Correlations between PID5 and IIP-SC octant scales.

Scale Name PA BC DE FG HI JK LM NO
Negative Affect .285 .328 .102 .261 .379 .435 .441 .495
Submissiveness .102 .174 .160 .274 .432 .502 .374 .272
Separation Insecurity .263 .306 .143 .241 .322 .361 .344 .398
Anxiousness .300 .409 .322 .377 .396 .412 .418 .332
Emotional Lability .346 .365 .183 .264 .276 .328 .341 .458
Perseveration .399 .457 .394 .406 .399 .430 .370 .396
Detachment .325 .519 .646 .670 .373 .340 .206 .079
Depressivity .365 .512 .499 .540 .376 .398 .332 .299
Suspiciousness .404 .584 .454 .362 .233 .290 .261 .288
Restricted Affect .213 .310 .561 .338 .158 .117 .062 −.113
Withdrawal .312 .487 .679 .689 .346 .289 .176 .018
Intimacy Avoidance .235 .335 .596 .318 .200 .200 .139 .064
Anhedonia .317 .490 .540 .602 .346 .328 .233 .172
Antagonism .524 .491 .293 .097 −.012 .005 .024 .311
Manipulativeness .386 .331 .185 −.009 −.050 −.028 .055 .263
Deceitfulness .489 .495 .334 .199 .121 .145 .112 .347
Hostility .601 .568 .352 .269 .069 .074 .098 .304
Callousness .575 .592 .421 .280 .002 −.007 −.083 .195
Attention Seeking .289 .218 −.008 −.152 −.014 .052 .104 .479
Grandiosity .317 .297 .160 .049 −.024 −.020 .001 .219
Disinhibition .374 .319 .189 .026 .050 .124 .127 .402
Irresponsibility .464 .487 .388 .304 .217 .245 .146 .347
Impulsivity .355 .291 .223 .057 .043 .108 .127 .321
Distractibility .322 .369 .355 .324 .346 .374 .296 .337
Rigid Perfectionism .249 .264 .186 .208 .189 .191 .243 .173
Risk Taking .188 .112 .051 −.184 −.202 −.159 −.055 .116
Psychoticism .421 .526 .554 .455 .301 .318 .304 .275
Eccentricity .339 .384 .386 .341 .264 .267 .268 .309
Perceptual Dysregulation .416 .510 .467 .385 .278 .317 .290 .348
Unusual Beliefs .340 .407 .340 .246 .118 .168 .218 .255

Note. N = 2461. Domain names listed in bold italics. Primary traits listed under the domain on which they had their strongest loading in Wright et al., in press. PA = Domineering; BC = Self-Serving/Vindictive; DE = Coldhearted; FG = Avoidant; HI = Nonassertive; JK = Exploitable; LM = Overly-Nurturant; NO = Intrusive. All correlations greater than r = .03 significant at p < .05.
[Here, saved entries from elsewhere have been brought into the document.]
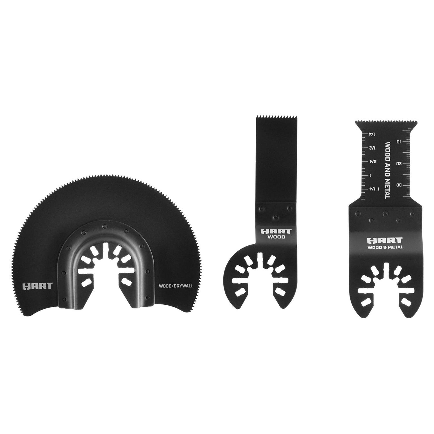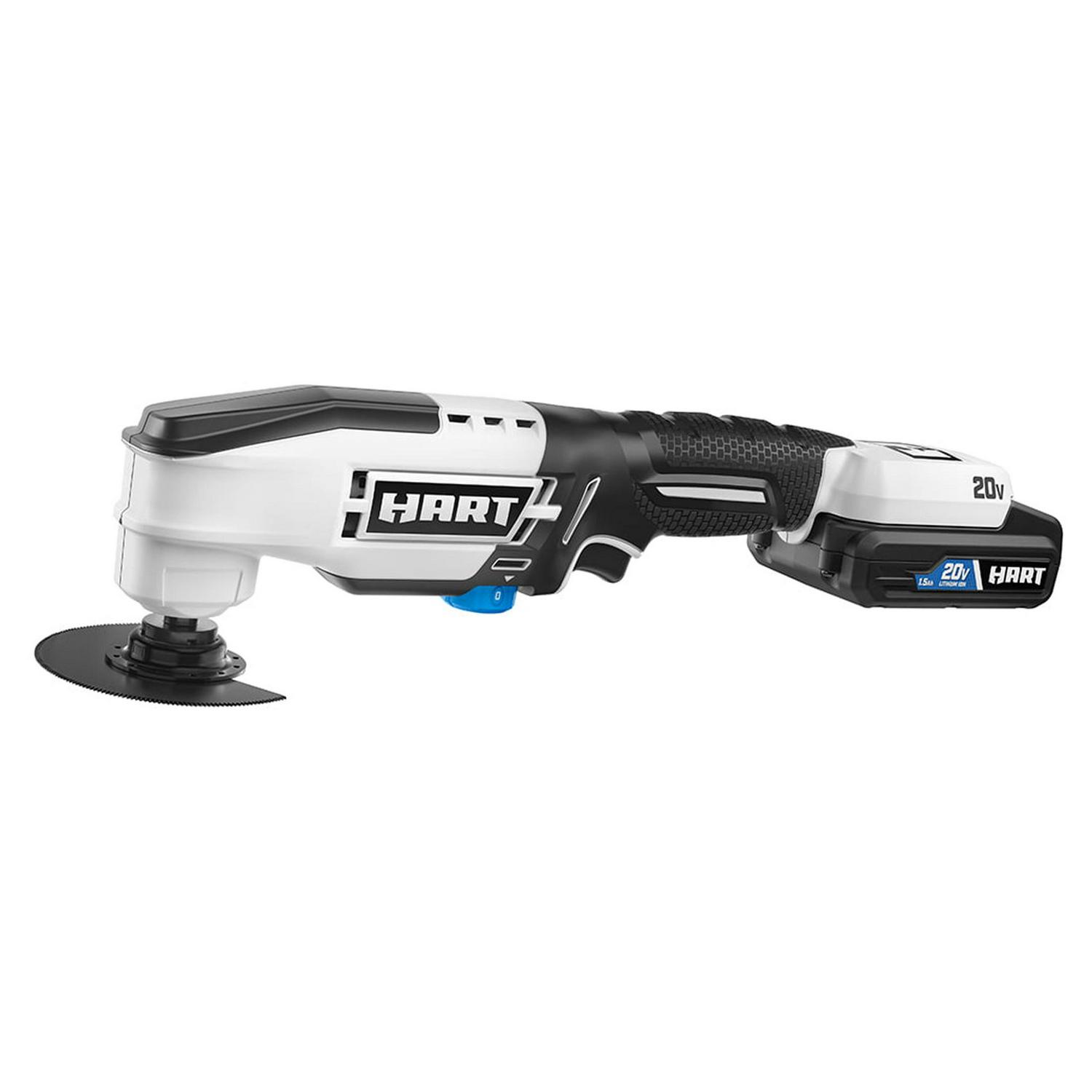 HART 20V Multi-Tool: Compact and powerful with 0-20,000 OPM for precision in tight spaces Variable speed dial allows user control in a variety of cuts, LED light illuminates work space for greater versatility, Included on-board storage, Ideal for Cutting, Sanding, Scraping and Grinding through a Variety of Materials. HART’s 3P Oscillating Accessory Set: Compatible with most brands, Bi-Metal blade provides versatility and durability. For best results, pair with the HART 20V Multi-tool. Bundle Includes: 20-Volt Cordless Multi Tool Kit (1) 20-Volt 1.5 Ah Lithium Ion Battery, (1) 1-1/8″ Bi-Metal Plunge Cut Blade, (1) 3-1/2″ Flush Cut Blade, (1) 3/4″ Offset Plunge Cut Blade, and operator’s manual.
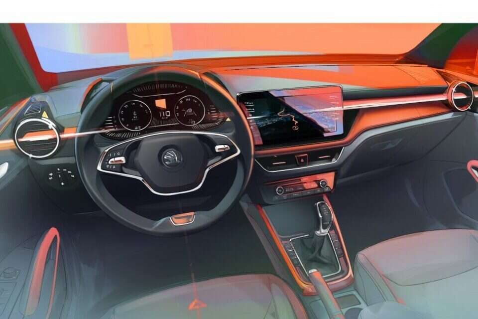 סקודה מעניקה לנו מבט ראשון לאיך אמור להיראות תא הנוסעים של הפאביה החדשה עם סקיצה עדכנית שהיא מפיצה. הסופרמיני מקבלת שדרוג כללי בהשראת האוקטביה לרבות ההגה הדו-חישורי שנראה זהה כמעט לגמרי.
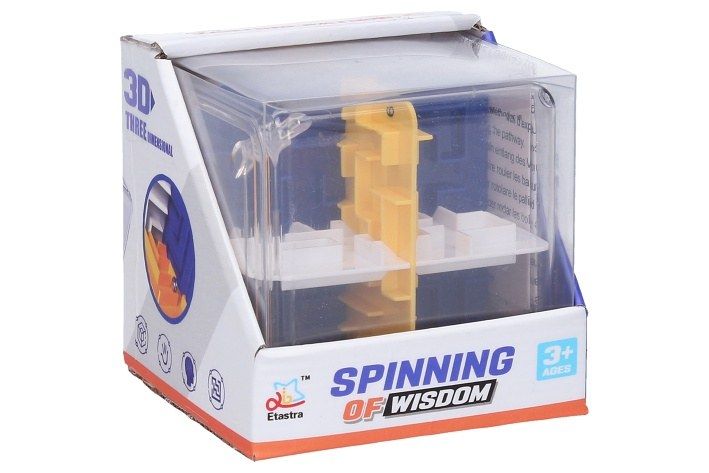 Bludiště 3D kostka barevná. Velikost 9cm. Cílem je dostat kuličku do jamky. Lze postupovat podle číslic na jednotlivých stěnách.
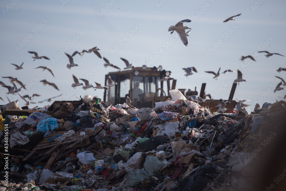 a landfill pollutes the environment. the dirt of industrial enterprise waste is lying in the field. trucks and bulldozers tamp down household waste at the landfill
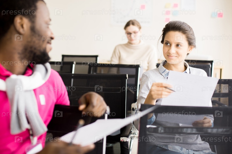 Молодая женщина и черный человек на семинаре
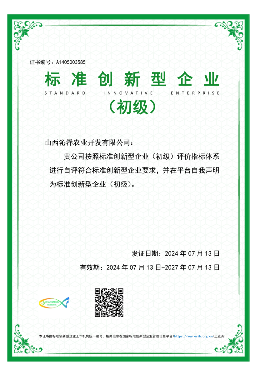山西沁澤農(nóng)業(yè)開發(fā)有限公司獲評標(biāo)準(zhǔn)創(chuàng)新型企業(yè)
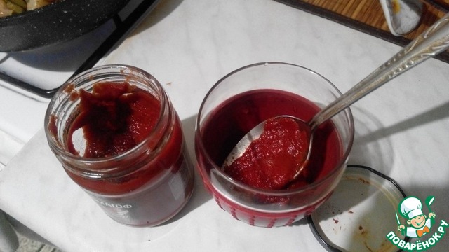 Заливаем смесью мясо, доливаем воды для того, чтобы соус полностью покрыл мясо. Добавляем лавровый лист, доводим до кипения.
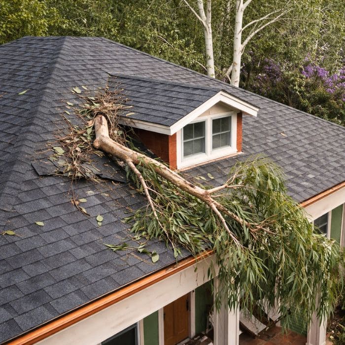 At approximately 2:30 a.m., one of the rear Eucalyptus trees failed at the roots. The ground, saturated and softened, gave way, and the tree came down directly onto the back portion of the roof.
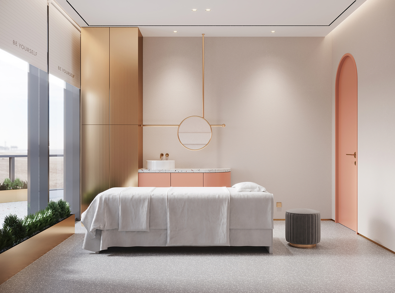 从视觉到情绪:「裸粉柔弧」美容院的松弛感营造方案
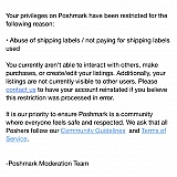 I ordered a pair of pants from Poshmark.com on 23Sept. 2021. The site wanted me to set up an acct. So I did. I placed my order paid then a few minutes later I got an email saying my acct has been restricted because of abuse of shipping labels. I don't know what that means. I have NEVER did business with Poshmark and NEVER will now.

The angular location of each PID-5 scale can also be found in Table 2. Although the circumference of the IIP-SC captures a continuous dimension of interpersonal problem content or themes, for analytic purposes it is useful to examine the location of scales at the level of the octant partitions. However, as noted above, little weight should be accorded to the meaning of angular location in scale profiles with low prototypicality. Similarly, angular location is, to some extent, less meaningful in scales with low profile differentiation (i.e., low amplitude). The octant location for personality trait scales with prototypical (i.e., R2 > .70) and differentiated profiles fall in the following octants: Domineering (90°; Manipulativeness, Grandiosity, Impulsivity, Risk Taking), Self-Serving – Vindictive (135°; Deceitfulness, Hostility, Callousness, Irresponsibility), Cold-Hearted (180°; Restricted Affect, Withdrawal, Intimacy Avoidance, Anhedonia), Exploitable (315°; Submissiveness), Intrusive (45°; Attention Seeking).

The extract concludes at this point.